No one likes that sinking feeling directly linked to rejection. Truthfully, it sucks. Humor me for a bit, picture it: you shoot your shot at a romantic interest you’ve been nursing a soft spot for and you’re met with a vehement “NO” in the line at the supermarket. You’re immediately wrapped in a cocoon of either embarrassment, shock, anger, or even all three. Again, truthfully, it sucks. However, why is it that the fairer sex tends to cope with that pesky thing called rejection considerably better than men? According to marriage and family therapist, John Amodeo Ph.D., in Psychology Today, he wrote that the human brain, when faced with rejection, falls apart because “it is one of our deepest human fears”.
Now, the thing about us humans is this, we’ve been conditioned to feel the need to belong somewhere. For us, inclusivity is indeed the name of the game. Whether it’s to be part of a group, a friend circle, part of a family, or to fit into the ever-changing society, we have a biological need, a pull if you must, to belong. When really, it is the fear of rejection casting the cloud of paranoia which John Amodeo explains as this, “Rejection confirms our worst fear: that we’re possibly unlovable or have little value. When these fear-based thoughts keep spinning in our mind, we become agitated.” In fact, it’s been reported by Psychology Today that when we’re faced with rejection, “we are more likely to lower our standards in pursuit of a sense of belonging and acceptance. We are also likely to be more submissive to others than we typically are, in order to achieve social acceptance.” Interestingly enough, sociologist Shiv Visvanathan is of the belief that men and women experience rejection in different ways, “To a certain extent men don’t expect women to beat them in any sphere. And as women enter new domains where men have been dominant, they are feeling threatened. This new world has left men anxious and they have no visible signs of coping. Hence, they are lashing out.”

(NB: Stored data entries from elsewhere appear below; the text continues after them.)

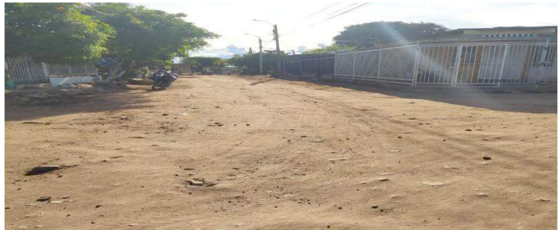
Aunque ha dejado de llover, la vía sigue siendo intransitable.

empalme, porque no había libros, además la anterior junta no administraba ni tenía a cargo algún
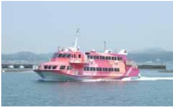
▲2月から運航する超高速ジェット船

平成20年2月2日から3月30日まで、東海汽船(株)の超高速ジェット船「セブニアランド」が、東京・館山・大島・下田間を季節運航します。
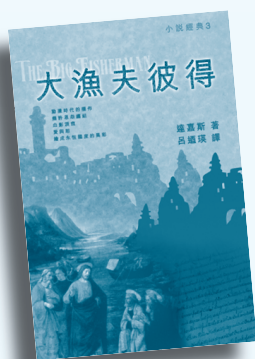
達加斯 著 呂迺瑛 譯 2007年 616頁 小說經典3

本書是作者達加斯最後一部小說創作，將粗魯的大漁夫彼得，從迷惘中頓悟，親受神蹟奇事的震撼，蛻變成教會的奠基者等事蹟一一描述出來。其文辭的優美，筆鋒的靈動，情節佈局的仔細，以及人物血肉的分明，梳理出驚世鉅著，誠為長篇小說的典範。
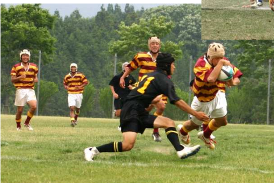
↑平成17年6月19日四国選手権決勝徳島城東戦⑤
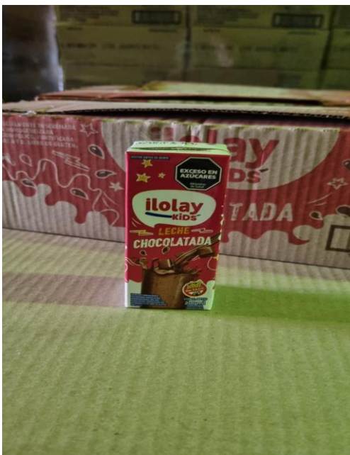
Imagen de la mercadería correspondiente al renglón n° 1:

Se adjunta a la presente acta imagen de la mercadería entregada por la empresa proveedora con remito número 8-114724. Además, se adjuntan a la presente acta imágenes de la mercadería entregada y su estiba correspondiente e imagen del documento por el cual se le acepta el cambio de marca. Dichas imágenes forman parte de la presente.
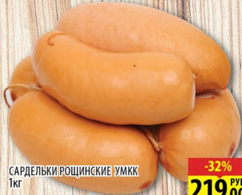
САРДЕЛЬКИ РОЩИНСКИЕ УМКК 1кг
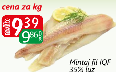
Mintaj fil IQF 35% luz
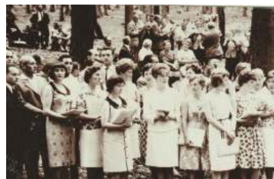
Die Mitglieder des Singkreises bei der Einweihungsfeier

Weitere Fotos finden Sie im Schaukasten des HSV an der Langen Straße 15
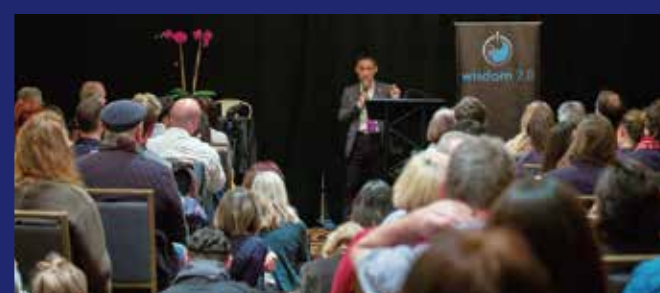
Presentation at wisdom 2.0 "0=∞=1: the Deepest Wisdom of Human Mind, which Reveals the Secret of the Universe" wisdom 2.0でのプレゼンテーション "0=∞=1: 宇宙の秘密を解き明かす、もっとも深遠な心の智慧"
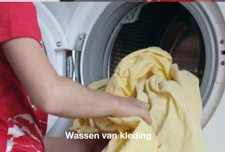
Wassen van kleding
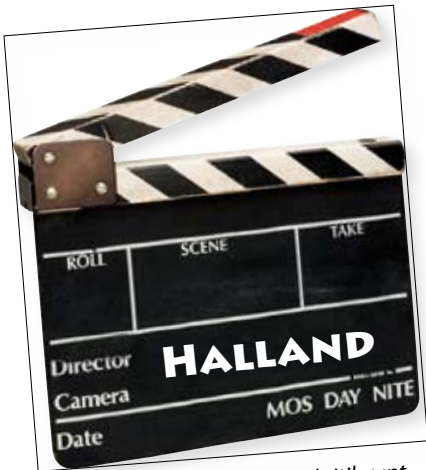
Halländsk film får lysande kritik runt om i världen.

"A new kind of cinema grows before our eyes..."
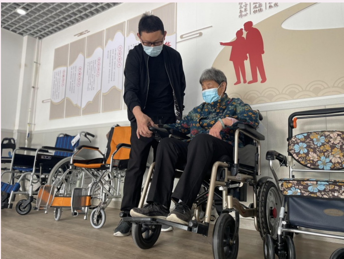
秦皇岛市北戴河区社区居民在社区体验康复辅助器具租赁服务。

河北省秦皇岛市北戴河区坚持党建引领,抓组织、强基础,抓能力、强队伍,抓示范、强融合,积极推动基层治理格局不断优化。
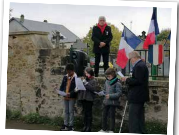
Commémoration du 8 mai et du 11 novembre
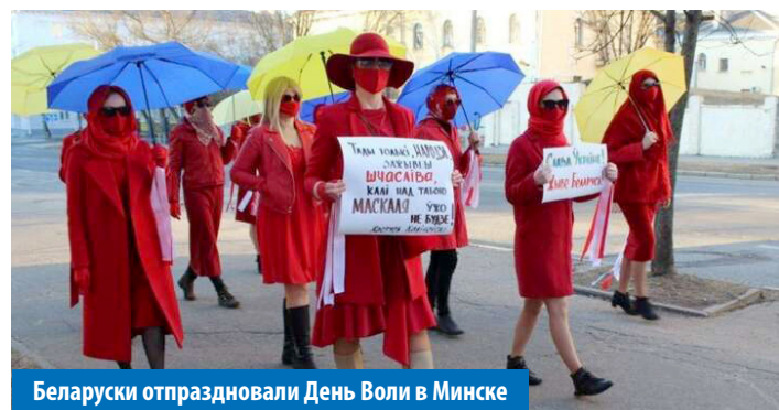
Беларуски отпраздновали День Воли в Минске
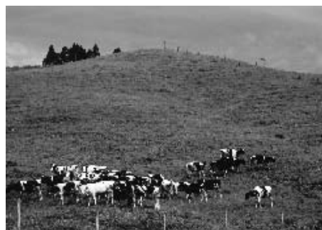
大野山の乳牛放牧風景

Though, it is fair to say that society shoulders a portion of responsibility for the way men react to rejection. As a collective, we’ve for decades echoed the chant, “boys/men don’t cry” and vividly painted the image of men being the provider. The fact of the matter, however, is men and women naturally deal with rejection differently. For instance, Psychology Today insists that men “take rejection as a challenge to their masculinity or an insult to their perceived place in the social hierarchy.” Whereas women are likely to “feel emotionally hurt by a rejection and to assume that there is something lacking in them that warranted the rejection or blame the person who did the rejecting.” To put it plainly, “women are encouraged to “get over it,” but men often feel the need to “get even.” Instances pulled from the pages of India Times where men felt the need to get even include “Army Major, Nikhil Handa, murdered the wife of a fellow officer after she refused his proposal to divorce her husband and marry him. Next, in April of 2018, 25-year-old Alek Minassian drove his van into a Toronto crowd, killing 10 people. His disturbing Facebook post showed his murderous rage was a result of being sexually rejected by women. Lastly still, in 2014, Elliot Rodger, 22, killed six people in a stabbing and shooting spree in California before killing himself. He emailed an autobiographical document that gave a peek into his deep-rooted loathing of women, fuelled by an intense frustration over his virginity.”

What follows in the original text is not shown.